Inscription found in West Sumatra, Indonesia

The Padang Roco Inscription, in Indonesian Prasasti Padang Roco, is an inscription dated 1286 CE, discovered near the source of Batanghari river, Padangroco temple complex, Nagari Siguntur, Sitiung, Dharmasraya Regency, West Sumatra, Indonesia.

==Etymology==
The inscription was named after the location where it was discovered; Padang Roco, which is the local Minangkabau language, translated to "field of statues". Padang means "field", while roco is equated to arca or murti, the image of Hindu-Buddhist deities.

==Description==
The inscription was discovered in 1911 near the source of the Batanghari River, Padangroco. The inscription was carved on four sides of rectangular-shaped stone is served as the base of the Amoghapasa statue.

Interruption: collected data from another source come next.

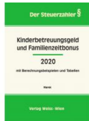
Kinderbetreuungsgeld und Familienzeitbonus 2020 Ladenpreis: 33,00 EUR
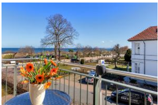
Balkon mit Ausblick
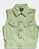
Slim Denim Vest ¥22,000
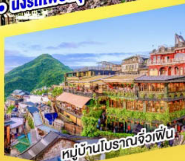
หมู่บ้านโบราณจิวเฟิ่น
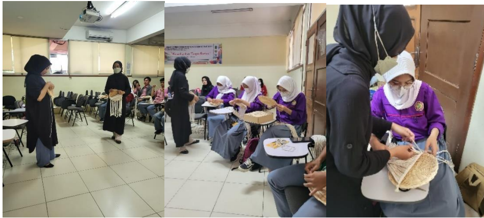
Gambar 7 Pendampingan oleh instruktur

3. Melakukan pendampingan dalam kegiatan worshop, ini dilakukan oleh team.
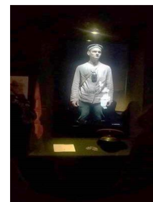
▲ Z expozice muzea v Ypres
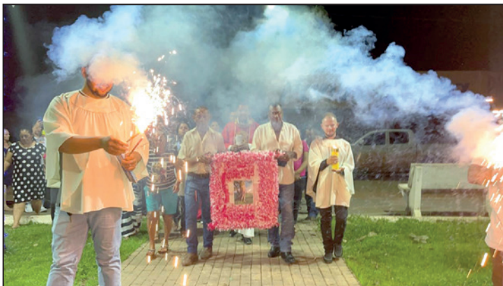
Folia São Sebastião.

Entre os dias 01 a 22 de Janeiro de 2023, fizemos os festejos do nosso Padroeiro Glorioso Mártir São Sebastião. Houve Celebrações de Santas Missas, batizados, novenas nas fazendas e na área urbana da cidade. Também apresentação da Folia de São Sebastião, Banda de Música do estado de Goiás, shows com artistas locais.
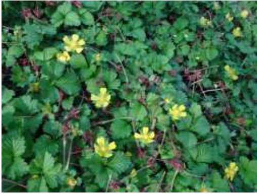
ヘビイチゴ (洗足池)
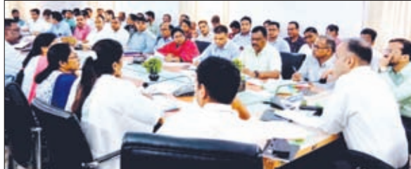
बैठक में शामिल उपायुक्त व अन्य पदाधिकारी।

गुमला। उपायुक्त कर्ण सत्यार्थी की अध्यक्षता में बुधवार को समाहरणालय सभागार में जिला समन्वय समिति की बैठक हुई। जिसमें उप विकास आयुक्त, एसडीओ सदर,अपर समाहता, परियोजना निदेशक आईटीडीए समेत सभी प्रखंडों के प्रखंड विकास पदाधिकारी, अंचल अधिकारी एवं विभागीय पदाधिकारी बैठक में उपस्थित थे। बैठक के दौरान जिले में प्रारंभ हुए नई गतिविधि शिक्षा कर भेंट के संबंध में परिचर्चा की गई एवं आगे के कार्य योजना के संबंध में उपायुक्त ने अधिकारियों को आवश्यक दिशा निर्देश दिया। उपायुक्त ने सभी संबंधित अधिकारियों को जिले के 110 हाई स्कूल से टैग किया था। जिसपर उपायुक्त ने अधिकारियों से विद्यालय
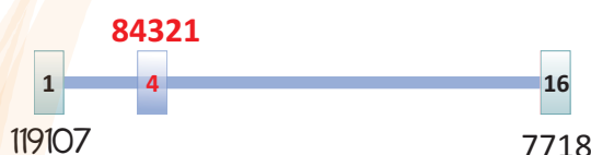
Powierzchnia uprawy rzepaku i rzepiku a w ha w 2016 r.
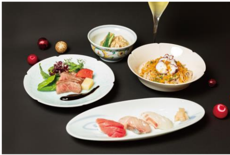
クリスマス限定コース おまかせコース 22,000 円 おすすめコース 12,000 円 そばがみ/3F ※ディナータイム限定 ※提供期間：12/1(日)～12/25(水) ※当日予約可
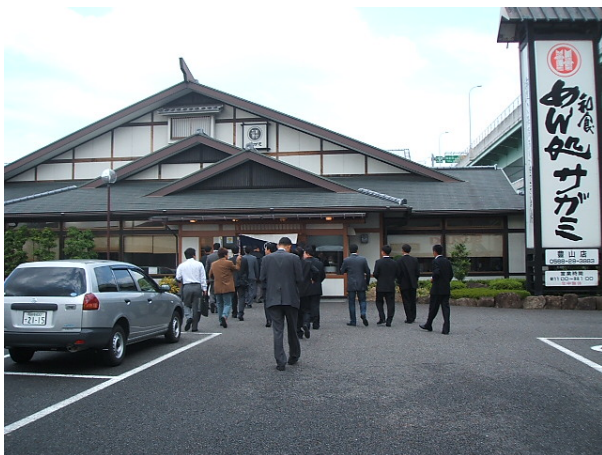
견학 전에 점심 식사를 하기 위해
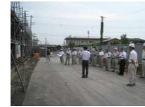
(仮)鵜沢児童センター建設現場
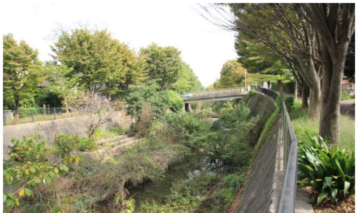
桂橋付近のイタチ川

C班は公園に入らず日東橋を渡り川に沿って直進してください。そして桂橋で広い道を横切りなおも直進して上耕地橋を過ぎれば直ぐに天神橋に到着します。信号（環状4号線）を渡って反対側のバス停から上大岡に戻ります。お疲れさまでした。下見では13,000歩、2時間半の行程でした。
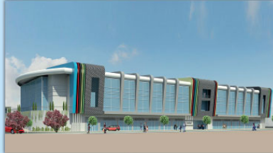
PENDİK KAYNARCA SPOR KOMPLEKSİ PROJESİ,2013

İSTANBUL BÜYÜKŞEHİR BELEDİYESİ-BİMTAŞ AŞ.
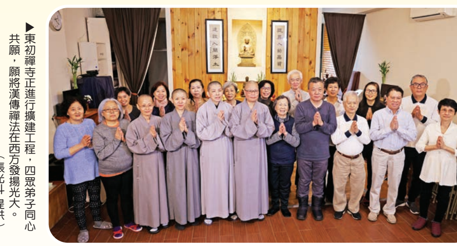
▲ 東初禪寺正進行擴建工程，四眾弟子同心共願，願將漢傳禪法在西方發揚光大。

《他的身影2》拍攝團隊於二〇二三年二月六日，與果元法師、演法法師一同搭機，由墨西哥飛往休士頓，再轉紐約。沒料到，迎接我們的是零下幾度的低溫。

On the back side of the statue carved inscription called Amoghapasa inscription dated from a later period in 1347 CE(NBG 1911: 129, 20e). The inscriptions were carved in ancient Javanese letters, using two languages (Old Malay and Sanskrit) (Krom 1912, 1916; Moens 1924; dan Pitono 1966). Today the inscription is stored in the National Museum of Indonesia, Jakarta, with inventory code numbers D.198-6468 (the base or inscription part) and D.198-6469 (the statue part).

== Origin ==
The inscription was dated 1208 Saka or 1286 CE, in the same period of Singhasari kingdom in Java and Melayu Kingdom Dharmasraya in Sumatra. The inscriptions tell that in the year 1208 Saka, under the order of King Kertanegara of Singhasari, a statue of Amoghapasa Lokeshvara was transported from Bhumijawa (Java) to Suvarnabhumi (Sumatra) to be erected at Dharmasraya. This gift made the people of Suvarnabhumi rejoice, especially their king Tribhuwanaraja Mauliwarmmadewa.

== Content ==
The content of the inscription as translated by Slamet Muljana:

1. Rejoice ! In the year Śaka 1208, in the month of Bādrawāda, first day of rising moon, Māwulu wāge day, Thursday, Wuku Madaṇkungan, with the king star located on southwest ...
2. .... that is the time of the statue of lord Amoghapasa Lokeśvara accompanied with all fourteen followers and also seven ratna jewel taken from bhūmi Jāwa to Swarnnabhūmi, in order to be erected at Dharmmāśraya,
3. as the gift of Srī Wiśwarūpa Kumāra. For that purpose pāduka Srī Mahārājādhirāja Kṛtanagara Wikrama Dharmmottunggadewa has ordered Rakryān Mahā-mantri Dyah Adwayabrahma, Rakryān Śirīkan Dyah Sugatabrahma and
4. Samagat Payānan hań Dīpankaradāsa, Rakryān Damun pu Wīra to presented lord Amoghapāśa. May this gift make all the people of bhūmi Mālayu, including its brāhmaṇa, ksatrya, waiśa, sūdra and especially the center of all āryyas; Srī Mahārāja Srīmat Tribhuwanarāja Mauliwarmmadewa.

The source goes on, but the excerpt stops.